OMELIA XXX DOMENICA DEL TEMPO ORDINARIO

Anno C

LETTURE: Sir 35, 15-17.20-22 Sal 33; 2 Tm 4,6-8.16-18; Lc 18, 9-14

La fede, dicevamo domenica scorsa, ha come prova del nove la preghiera. Il pubblicano della parabola, è un esempio concreto: con chiara coscienza espressa nell’atteggiamento, egli innalza il grido della propria nullità e il desiderio di possedere la propria consistenza: “O Dio, abbi pietà di me peccatore”.

La propria nullità offerta a Colui che è la propria consistenza: ecco i due termini di una

Domenica scorsa, sottolineavamo come la società moderna affermi la grandezza dell’uomo ponendola nel suo “io”, nella sua intelligenza (illuminismo), e nella sua capacità di trasformare le cose (scientismo), per questo “non può pregare”, al massimo esaltarsi dell’opera delle sue mani.

La preghiera del Fariseo, è l’atteggiamento di chi professa una religione, realtà in cui si devono compiere degli atti per “sentirsi a posto”, dove l’amore, l’abbandono, la fede in un Dio che mi fa, si trasforma in una autocelebrazione, dove la lettera della legge è praticata semplicemente per affermare la propria bravura addirittura di fronte a Dio stesso, che per questo deve gradirmi e benedirmi.

L’atteggiamento di cui sopra non è purtroppo lontano da chi ha ridotto la fede cristiana ad una religione: si misura il rapporto con Dio dall’obbedienza ad alcuni precetti, (io non rubo, io non uccido, io non vado con le donne degli altri…) o  dall’espletare alcuni riti, (battesimo, Cresima, prima Comunione….  Matrimonio, Funerali religiosi…) e queto più per un tradizionalismo di facciata, che per convinzione. I segni dell’amore ridotti a cose da fare, perché tutti fan così, perdendone completamente di vista il contenuto ultimo e, infine, pure vantandosene, proclamandosi “bravi” più degli altri perché queste cose loro si, le fanno ancora, mentre gli altri, “loro si cattivi”, neppure più le tengono in considerazione… Paradosso di un uomo, che inconsciamente vuol dipendere ancora di Dio a parole, (il cosi detto senso religioso presente per natura in ogni creatura)  ma da un dio costruito dalle proprie mani, che mette a posto  le loro coscienze, ma non fa crescere l’umano che c’è in loro. (“Se Dio c’è non c’entra con la vita)

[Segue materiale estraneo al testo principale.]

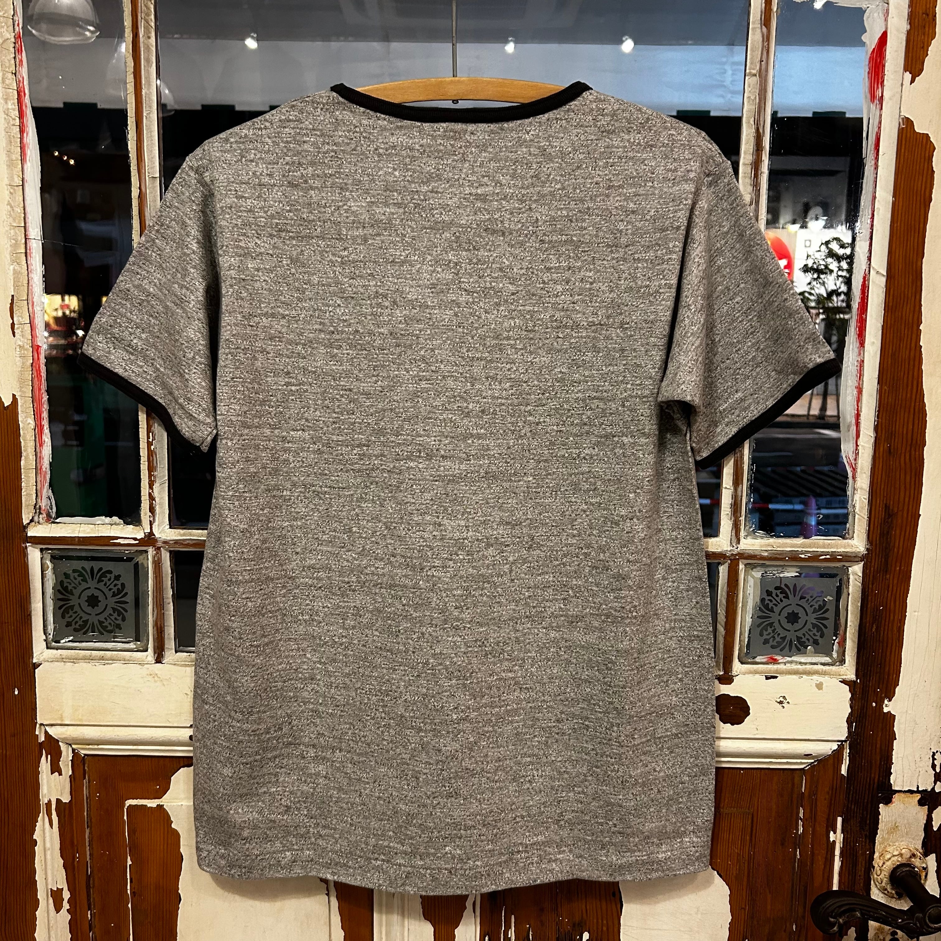 12番のムラ糸で独特の陰影が出るように編まれた生地はシャドウボーダーと呼ばれており、無地でありながらうっすらと横段のようなムラが浮かび上がります。

“Io vi dico: questi, a differenza dell’altro, tornò a casa sua giustificato, perché chiunque si esalta sarà umiliato, chi invece si umilia sarà esaltato». Ancora un paradosso del Cristianesimo! Diventa giusto, realizzato chi dipende, invece si autodistrugge chi crede di avere in sé la forza per essere uomo e, drammaticamente, se ne vanta. (L’uomo che non deve chiedere mai!) Chi dipende è alimentato dalla forza dell’amore, l’unica realtà che genera, gli altri al contrario si appoggiano su ciò che nell’uomo è piccolo, limitato e destinato a finire.  Tutta la vera esperienza Cristiana vive guardando a Cristo: Obbediente al Padre sino alla morte. Segnato dall’amore di questo rapporto, la Resurrezione diventa il sigillo di questo criterio, perché solo l’Amore resta per sempre. Tutto ciò che non è Amore, al contrario, finisce e per sempre. Un esempio lo troviamo nel bellissimo versetto della lettera odierna di san Paolo: “Ho combattuto la buona battaglia, ho terminato la corsa, ho conservato la fede. Ora mi resta soltanto la corona di giustizia che il Signore, il giudice giusto, mi consegnerà in quel giorno; non solo a me, ma anche a tutti coloro che hanno atteso con amore la sua manifestazione.”